The most evident LUCC in Mudumalai NP buffer zone between 1973 and 2012 is the increase of SWG
(41,898,600 m2) mainly at the expense of Dense Forest (table 5.1, figure 5.3). Agriculture land-use
expands dramatically through the north-east section of the buffer zone, with smaller areas of
expanding Agriculture and SWG to the south and south-west of the buffer zone, encroaching into
Dense Forested areas. In 2012 14.39% of the buffer zone was classed as agriculture and while there
was only an increase of 2.3% over the 39 year period, agricultural land-cover still represents a large
proportion of the buffer zone. The increase of Agriculture and SWG have come at the expense of
Dense Forest which has decreased by 61,100,325 m2 in the buffer zone since 1973, covering 48.94%
of the total classified area in 2012 (figure 5.3).

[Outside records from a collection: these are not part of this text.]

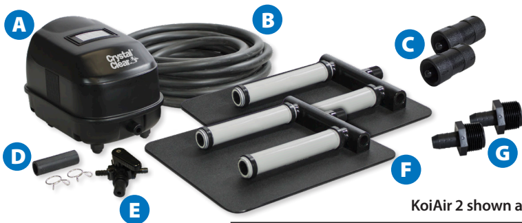
KoiAir 2 shown above.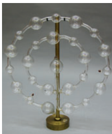
Glass helix tube with spheres to observe electrical discharges in gaseous atmosphere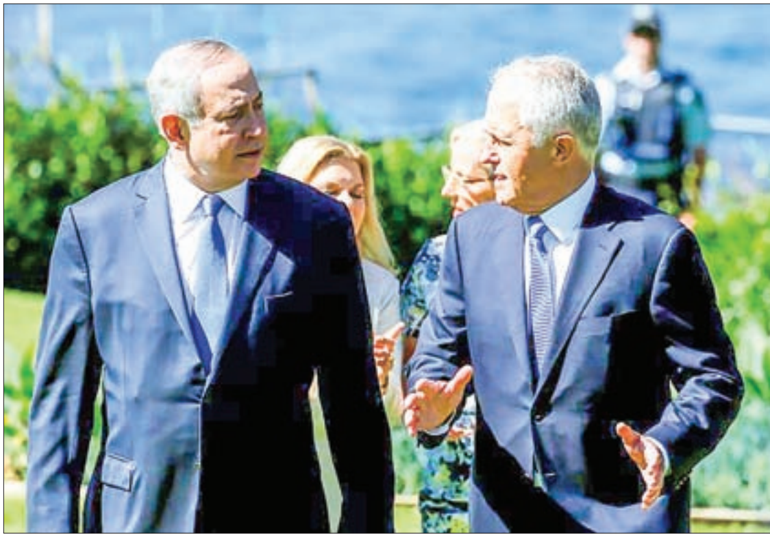
Israeli Prime Minister Benjamin Netanyahu (L) walks with Australian Prime Minister Malcolm Turnbull upon their arrival at Admiralty House in Sydney, Australia, on 22 February, 2017.

The UN resolution was approved in the final weeks of Barack Obama’s administration, which broke with a long tradition of shielding Israel diplomatically

Analysis of land-cover and LUCC within the PAs and in the surrounding buffer zones show that the
NPs are limiting development activities and human land-use expansion with the park boundaries.
Mudumalai is experiencing more LUCC than Silent Valley, which is to be expected due to parts of the
PA having WS protection status, human settlements and hydro-electric power stations. LUCC in
Mudumalai NP shows that the protection status of neighbouring Bandipur NP (to the north-west of
Mudumalai) is providing conservation support for natural vegetation cover and habitats in the NBR,
while the bordering PAs of Talaimalai FR, Nilgiri North FD and Wayanard WS are experiencing large
amounts of LUCC and deforestation rates along the borders of Mudumalai NP impacting on the
natural vegetation cover (figure 5.2). While there is less LUCC within the PAs than their
corresponding buffer zones, highlighting the conservation impacts PAs have, rates of LUCC with
increases in Agriculture and Degraded Forests along with decreases in Dense Forest cover are still
high. In the total classified areas, Silent Valley has experienced an increase of 34,020,000 m2 (8.17%)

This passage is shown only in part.